▶ Action item
Each line in the material below, starting at the one with "パンツでスタイリッシュに、マ" and ending at the one with "2026年2月9日,阿联酋安瓦尔·加尔加什外交学院(Anwar Gargash Diplomatic", is to be reproduced exactly; no picture is to be copied.

▶ Material provided
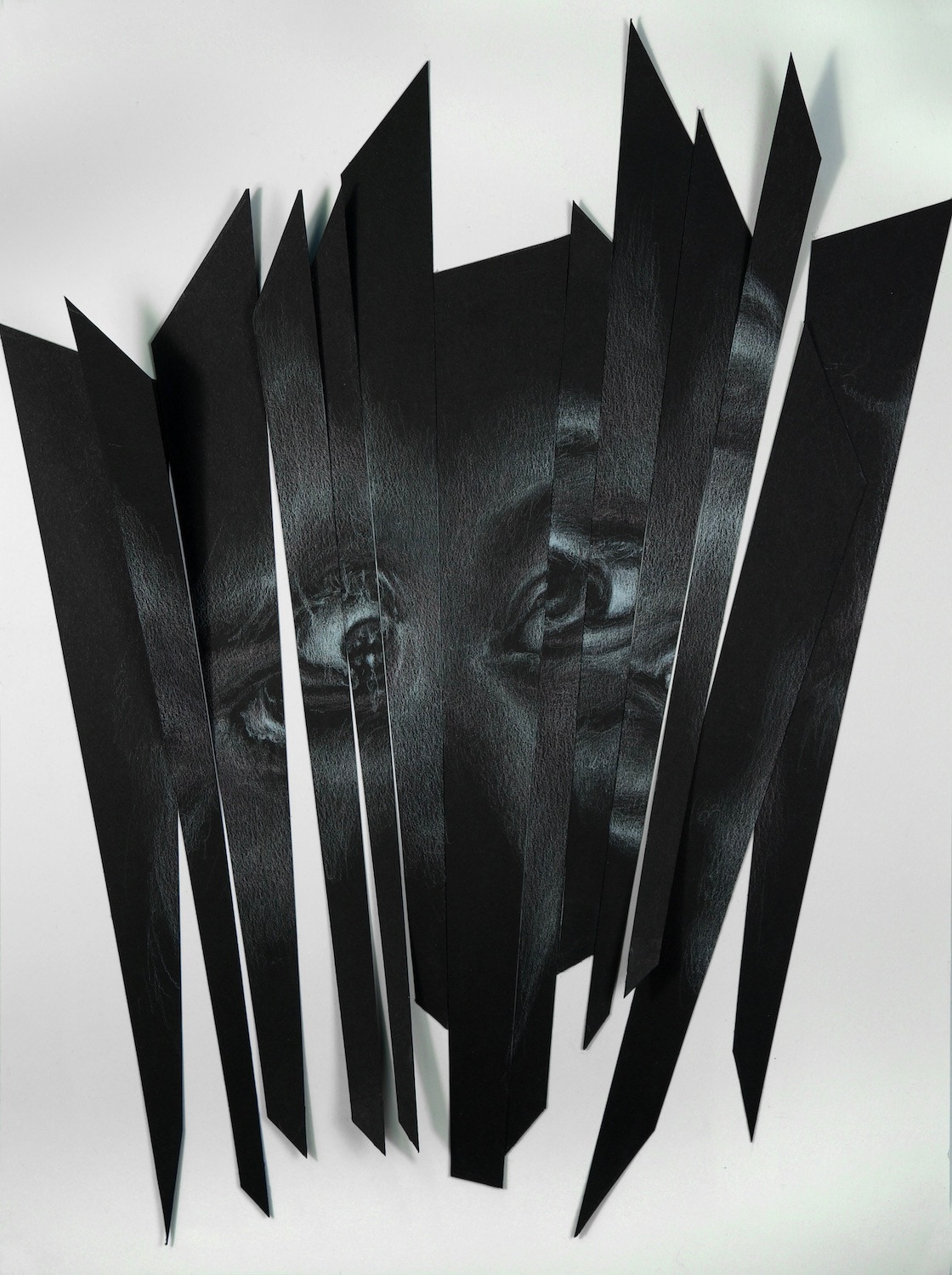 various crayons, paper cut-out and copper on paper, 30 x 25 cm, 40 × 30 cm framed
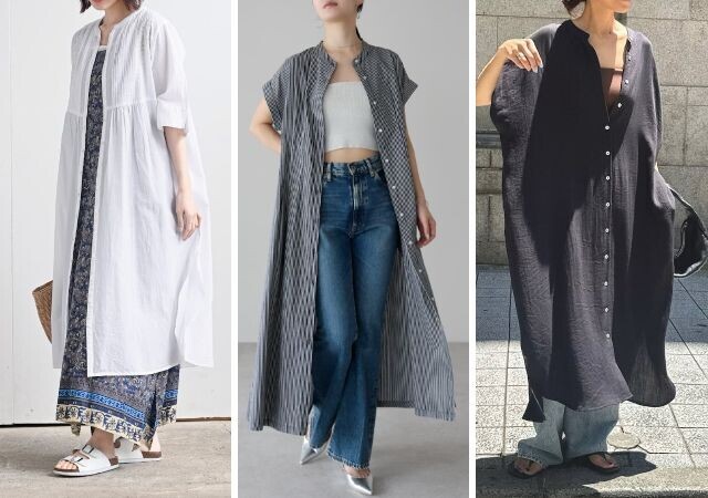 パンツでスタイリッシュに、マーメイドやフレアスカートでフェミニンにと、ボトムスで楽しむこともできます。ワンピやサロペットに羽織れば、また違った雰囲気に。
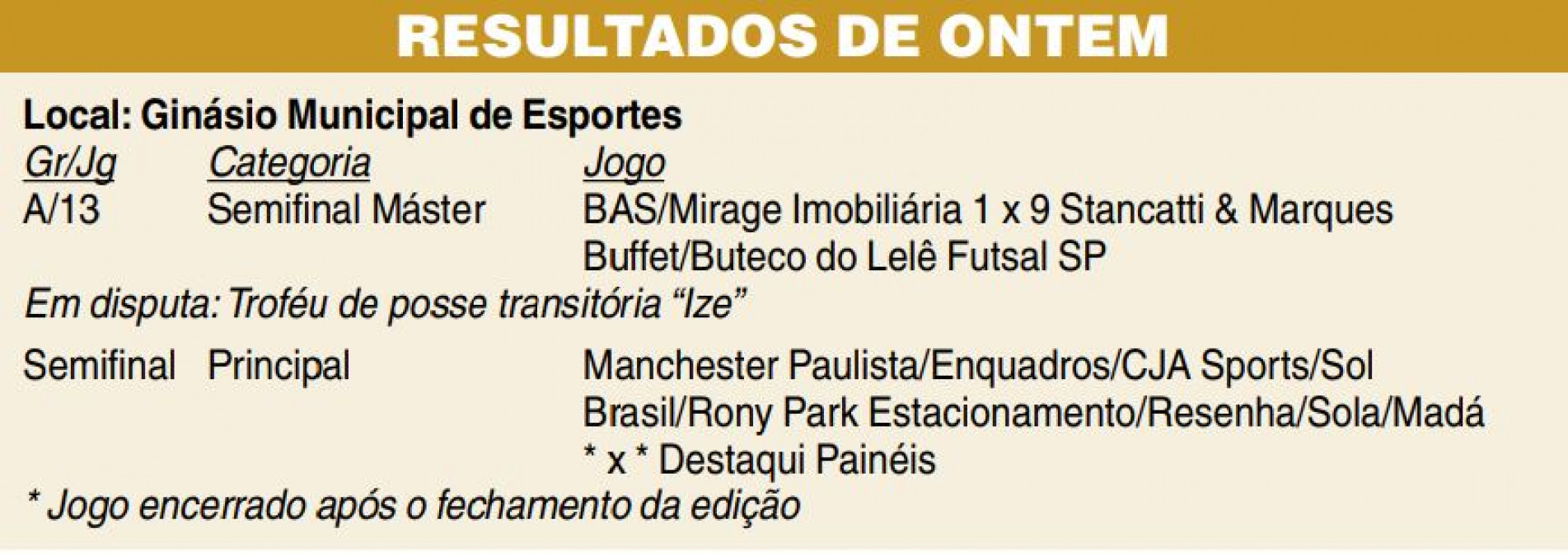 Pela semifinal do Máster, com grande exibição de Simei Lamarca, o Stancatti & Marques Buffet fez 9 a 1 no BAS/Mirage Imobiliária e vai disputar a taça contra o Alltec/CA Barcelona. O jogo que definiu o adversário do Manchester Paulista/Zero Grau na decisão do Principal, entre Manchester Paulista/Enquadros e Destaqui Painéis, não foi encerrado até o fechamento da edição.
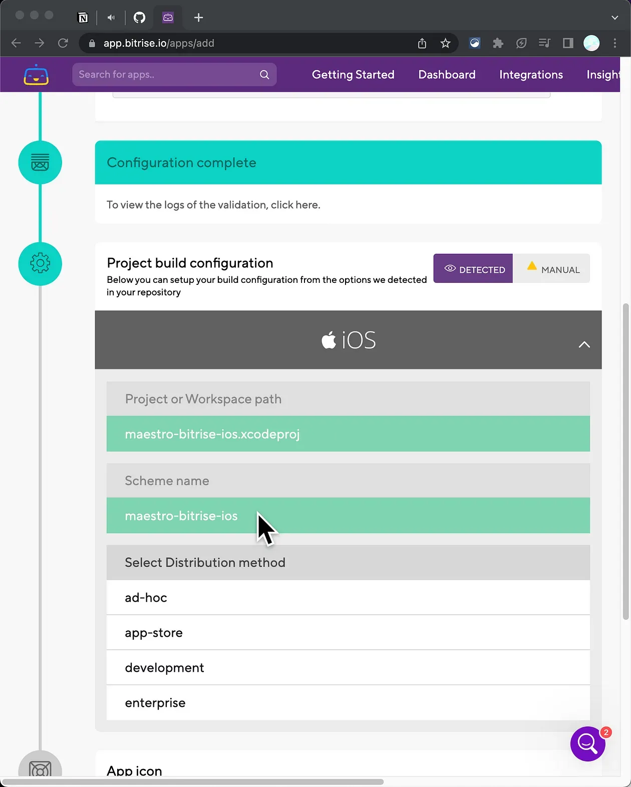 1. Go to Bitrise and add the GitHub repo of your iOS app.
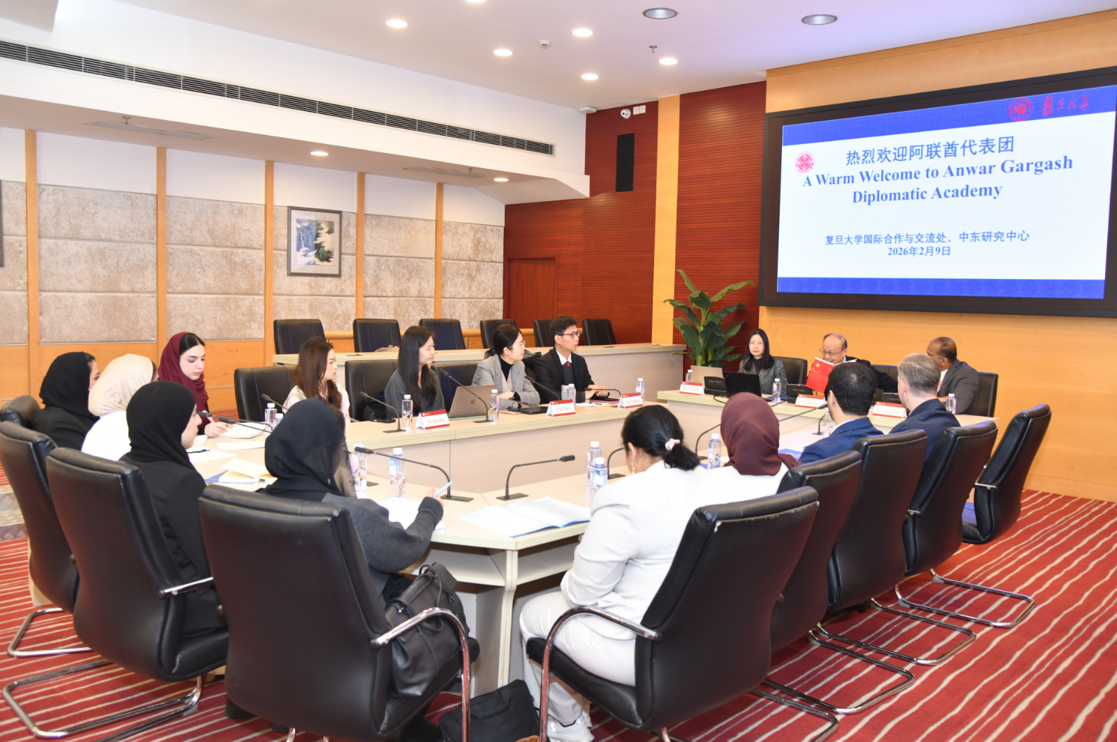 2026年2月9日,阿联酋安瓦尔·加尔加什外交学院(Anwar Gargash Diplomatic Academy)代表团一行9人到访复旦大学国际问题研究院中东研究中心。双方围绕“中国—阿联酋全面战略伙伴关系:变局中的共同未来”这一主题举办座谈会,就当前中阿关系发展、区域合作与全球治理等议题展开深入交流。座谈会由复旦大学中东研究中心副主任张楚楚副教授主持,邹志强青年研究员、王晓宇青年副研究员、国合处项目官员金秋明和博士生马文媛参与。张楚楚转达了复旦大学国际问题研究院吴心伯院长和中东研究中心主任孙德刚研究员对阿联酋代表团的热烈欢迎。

--

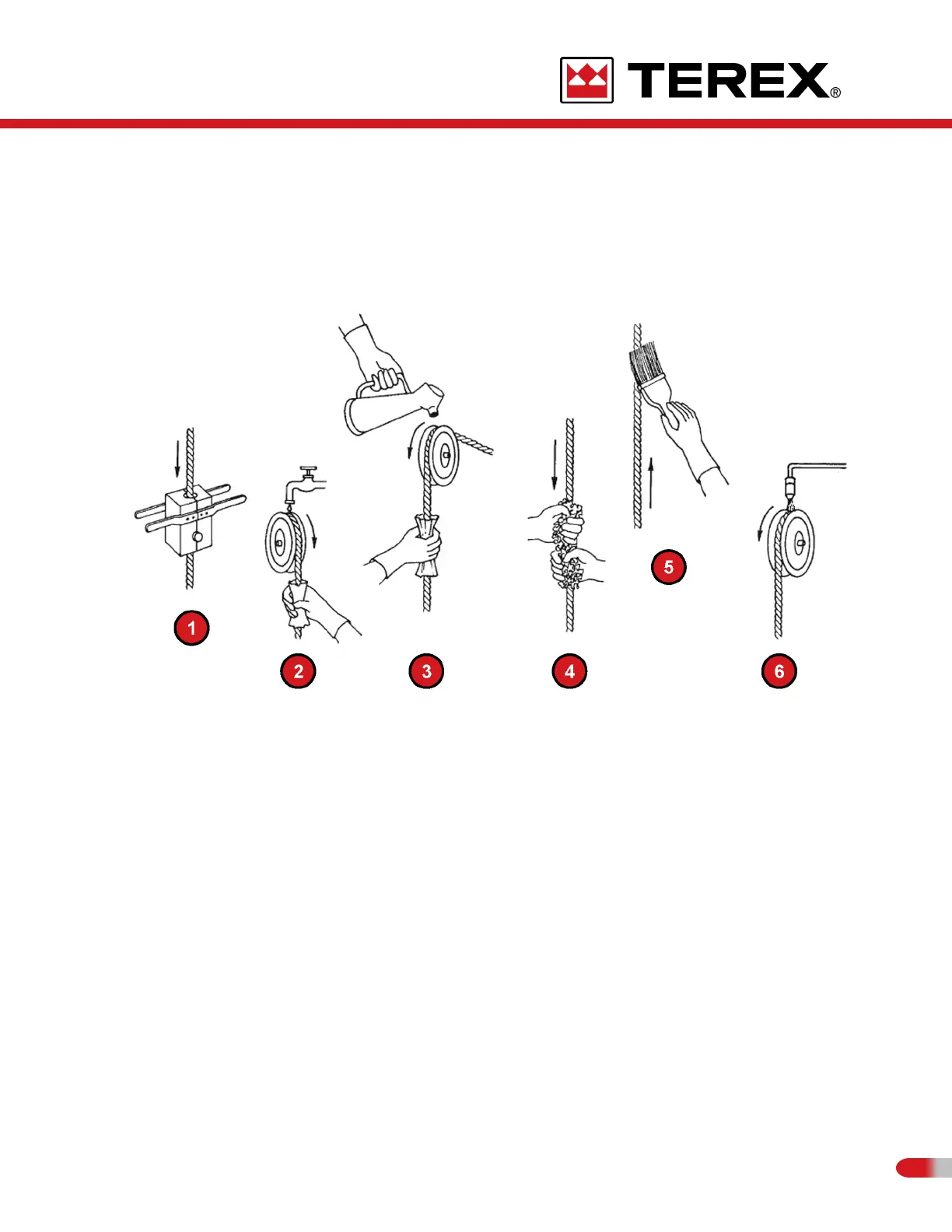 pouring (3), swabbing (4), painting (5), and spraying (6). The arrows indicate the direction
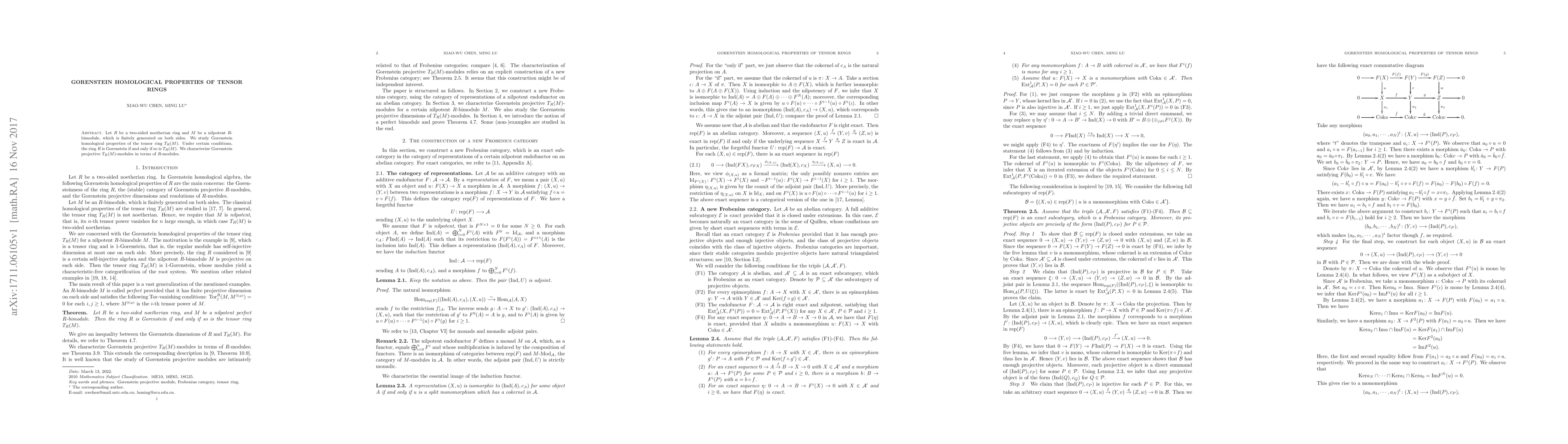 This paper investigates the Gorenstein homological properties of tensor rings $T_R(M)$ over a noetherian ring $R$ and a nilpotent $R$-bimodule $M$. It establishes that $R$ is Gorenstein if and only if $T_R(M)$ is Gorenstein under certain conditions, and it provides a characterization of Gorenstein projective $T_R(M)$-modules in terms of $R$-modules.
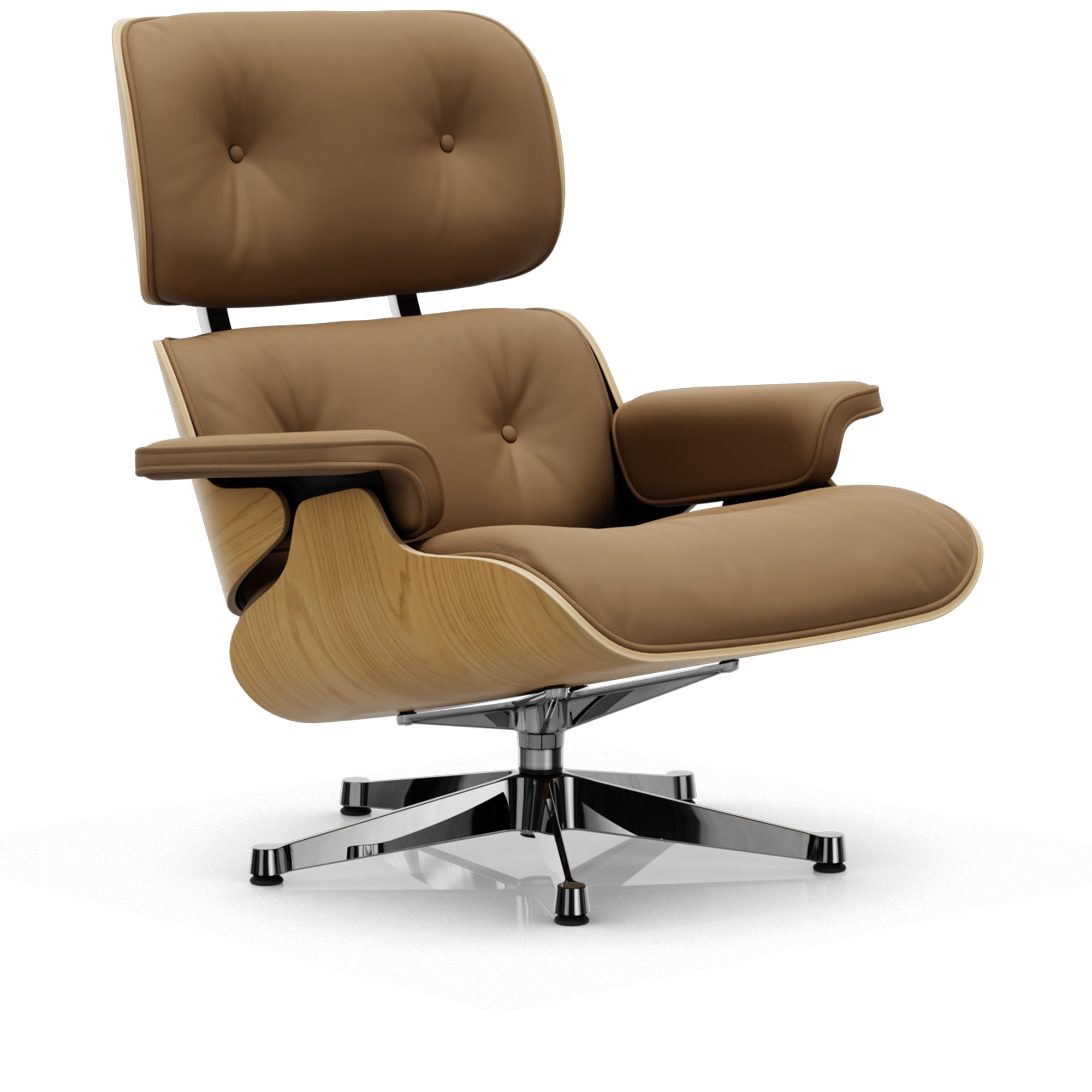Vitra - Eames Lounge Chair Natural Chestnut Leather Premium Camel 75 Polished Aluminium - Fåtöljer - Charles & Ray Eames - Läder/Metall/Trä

▶ Solution to this task
 パンツでスタイリッシュに、マーメイドやフレアスカートでフェミニンにと、ボトムスで楽しむこともできます。ワンピやサロペットに羽織れば、また違った雰囲気に。
 Pela semifinal do Máster, com grande exibição de Simei Lamarca, o Stancatti & Marques Buffet fez 9 a 1 no BAS/Mirage Imobiliária e vai disputar a taça contra o Alltec/CA Barcelona. O jogo que definiu o adversário do Manchester Paulista/Zero Grau na decisão do Principal, entre Manchester Paulista/Enquadros e Destaqui Painéis, não foi encerrado até o fechamento da edição.
 1. Go to Bitrise and add the GitHub repo of your iOS app.
 2026年2月9日,阿联酋安瓦尔·加尔加什外交学院(Anwar Gargash Diplomatic Academy)代表团一行9人到访复旦大学国际问题研究院中东研究中心。双方围绕“中国—阿联酋全面战略伙伴关系:变局中的共同未来”这一主题举办座谈会,就当前中阿关系发展、区域合作与全球治理等议题展开深入交流。座谈会由复旦大学中东研究中心副主任张楚楚副教授主持,邹志强青年研究员、王晓宇青年副研究员、国合处项目官员金秋明和博士生马文媛参与。张楚楚转达了复旦大学国际问题研究院吴心伯院长和中东研究中心主任孙德刚研究员对阿联酋代表团的热烈欢迎。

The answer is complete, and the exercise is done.